La pregunta los cogió desprevenidos. Hasta aquel momento el matrimonio no había cesado de hablar de sus cosas, sin mostrar interés por el motivo de su viaje. Magdalena y Burel apenas habían hecho algún comentario. Burel reaccionó con rapidez procurando no mentir. Le parecía una bajeza proceder así con quienes los habían invitado a cenar y contado sus vidas, pero no podía desvelar el motivo de su viaje ni que en su equipaje llevaban seis mil reales.
—Cosas de familia…, un asunto delicado.
Manuel se mostró discreto y se limitó a decir:
—Comprendo.
Parte de los arrieros se habían retirado. La dura jornada que les esperaba comenzaría con las primeras luces del día. El ruido había disminuido de forma considerable. Los que apuraban los últimos tragos de vino hablaban ahora en voz baja. Desde la calle llegaron las campanadas de un reloj próximo, sonaron rotundas en el silencio de la noche. El agricultor estiró las piernas y dejó escapar un bostezo.
—Las once, va siendo hora de acostarse. Mañana nos aguarda una buena paliza.

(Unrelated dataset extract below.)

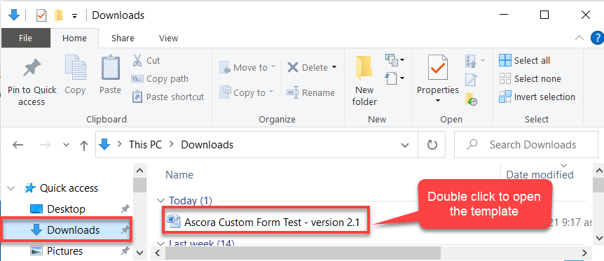 4. Depending on your computer settings, the template will open automatically otherwise, go to your download folder and open it manually.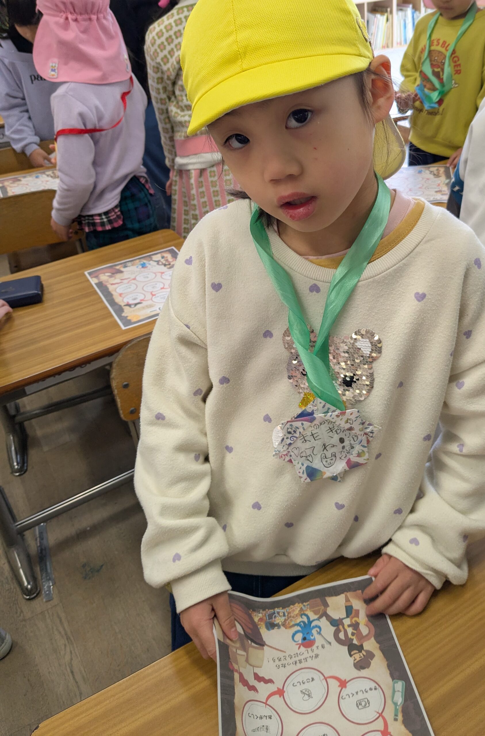探検のあとは1年2組のお部屋で鶴之荘幼稚園のお友だちと一緒にお話を聞きましたよ。

Burel y Magdalena se retiraron a su aposento, un cuartucho en la planta baja con entrada por el hueco de la escalera; lo mejor era una pared medianera con la chimenea que caldeaba la alcoba. Burel atrancó la puerta utilizando la única silla de que disponían. Si alguien quería entrar, tendría que echar la puerta abajo. La cama era de tablas y el jergón, relleno de hojas de mazorca, crujía al menor movimiento. A pesar de las circunstancias, la pasión de los enamorados hizo que sus lances amatorios retrasaran el necesario descanso hasta bien pasada la medianoche.
El canto de un gallo despertó a Magdalena, que entreabrió los ojos con dificultad. Por las rendijas de los postigos entraba la suave claridad del amanecer y se oía movimiento en la escalera. Dio con el codo en el costado de Burel, que roncaba plácidamente; lo único que consiguió fue que dejara de roncar. Así que lo besó con suavidad en la boca y, sobresaltado, Burel se incorporó mirando a su alrededor con aspecto de no saber dónde se encontraba.
—¿Dónde estoy?
—En Loja, en la posada.
Se pasó la mano por la cabellera, como si el gesto le ayudara a recordar. Miró a Magdalena y la abrazó; al ver la luz entrar por el postigo, exclamó:
—¡No podemos entretenernos! El arriero dijo que saldrían al amanecer. ¡Vamos, Magdalena, vamos! No quiero pensar que se hayan marchado.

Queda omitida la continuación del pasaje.